OT:
It is my belief that there is a strong political component to "justice". Take CMKX. Let's imagine the absolute worst that you can about Mr. Casavant. Let's suppose that all those Fifth Amendment invocations hide really bad things. Let's say that he issued himself stock wantonly, never kept any books, and never pursued any operations for the business. How much jail time do you think he'd get? A year? Wouldn't you be amazed if he got three years?
By contrast, let's look at Sam Waksal. What did he do wrong at Imclone? One case of insider trading. And all the while he built a strong company and saved thousands of people's lives. So the judge, jury, prosecution, and media weighed the good with the bad, and what did they give him? Seven years.

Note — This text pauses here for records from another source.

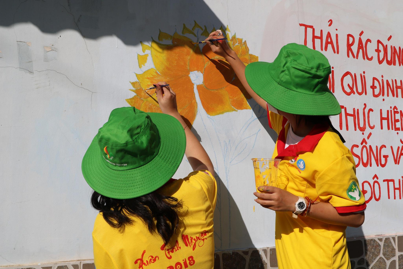 | Đoàn viên thanh niên tham gia vẽ tranh tuyên truyền về chủ đề bảo vệ môi trường, an toàn giao thông, phòng chống dịch COVID-19 sau lễ phát động. |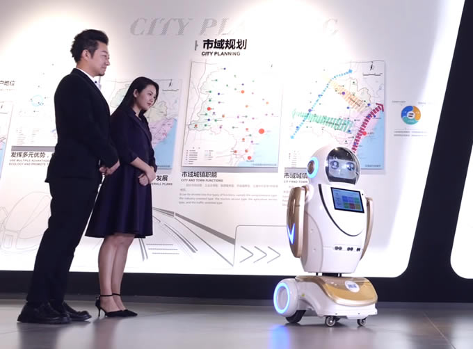 機器人能夠一邊引導(dǎo)觀眾參觀,到達(dá)每一個展位還能進(jìn)行專業(yè)的講解服務(wù),機器人不知疲勞,沒有心情不好的時候,不會又小情緒,在展館展廳的講解服務(wù)方面會比人工做的更到位。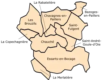 | 2 | Bazoges-en-Paillers, La Copechagnière, La Merlatière, La Rabatelière et Saint-André-Goule-d’Oie |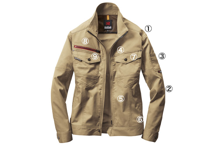 再生糸を用いたエコロジカルなSDGs対応の作業服。身体に程よくフィットするストレッチ生地が心地よいバートルの長袖ブルゾン。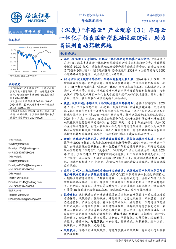 【海通证券】【20240714】(深度)“车路云”产业观察(3):车路云一体化引领我国新型基础设施建设,助力高级别自动驾驶落地-19页

The difference between Mr. Waksal and Mr. Casavant is that Mr. Waksal was a big public figure who became the poster child for corporate excess at a time when people had lost a lot of money and were looking for scapegoats. Mr. Casavant is a nobody who may well have done much, much worse, but no one cares. So, if he's guilty of anything, he'll get off comparatively easy.
Returning to our original topic, my belief is that the brokers now realize how much anger is directed at them. Not only that, but when they have ineptly tried to play tough (a la Worldcom and Perelman) they have gotten REALLY nailed. So now their counsel does a quick assessment: a) I can advocate playing hardball, and, if it doesn't work, risk getting sued by my rich client (a la Morgan Stanley in Perelman), or b) I can advocate paying up and putting this behind them. Not surprisingly we are in the paying-up era--big-time.
This is a whole other matter from whether there was any real culpability on the banks' part with Enron.
what are your opinions as to the Citigroup payout to the Enron shareholders?
After their Worldcom debacle I think they'll pay anything. Sandy Weill is out of day-to-day operations; Prince just wants to put all this crap behind him.